Wyrównane szanse na awans
W środowym meczu Real Madryt już od 17. minuty grał z przewagą jednego zawodnika. Czerwoną kartką ukarany został wówczas Remo Freuler. Królewskim zwycięskiego gola udało się zdobyć dopiero w 86. minucie po ładnym uderzeniu Ferlanda Mendy’ego zza pola karnego.
– Nie spodziewałem się, że będzie łatwo, ponieważ wiemy, że Atalanta jest bardzo silna pod względem fizycznym i to potwierdziła. To było trudne spotkanie, nawet grając z przewagą zawodnika, ale udało nam się zdobyć ważną bramkę. To jednak jeszcze nic nie znaczy, ponieważ nadal czeka nas drugie spotkanie i szanse wynoszą 50 na 50 – powiedział Zidane.

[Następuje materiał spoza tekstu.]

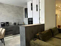 L'appartement a fait des réparations élégantes de haute qualité: parquet au sol et tuiles (chauffées), plomberie allemande, tuiles, placards intégrés, cuisine équipée. Tous les équipements Bosh - lave-vaisselle, plaque de cuisson, four, réfrigérateur intégré, micro-ondes intégré.

– Atalanta to zespół, który może sprawić nam problemy na własnym boisku. Nasz występ był kiepski, ale wynik jest dobry. Wiedzieliśmy, że to bardzo dobra drużyna i będzie ciężko – kontynuował.
Zidane nie komentuje decyzji sędziego
Decyzja niemieckiego sędziego Tobiasa Stielera o czerwonej kartce dla pomocnika Atalanty Bergamo wzbudziła dużo kontrowersji. Szkoleniowiec Atalanty Gian Piero Gasperini kategorycznie nie zgodził się z taką interpretacją, stwierdzając, że arbiter “zrujnował spotkanie”. Decyzji tej nie chciał natomiast komentować Zidane i bardzo szybko zmienił temat.
– Nie wiem, czy była ona przesadzona, podejmowanie decyzji należy do sędziego. Nie zagraliśmy dobrze, ale liczy się wynik. Próbowaliśmy umieścić Isco między liniami, aby mógł zagrywać do Viniciusa i Asensio, ale gra zmieniła się po czerwonej kartce – dodał Zidane.
Rewanżowy mecz rozegrany zostanie 16 marca w Madrycie.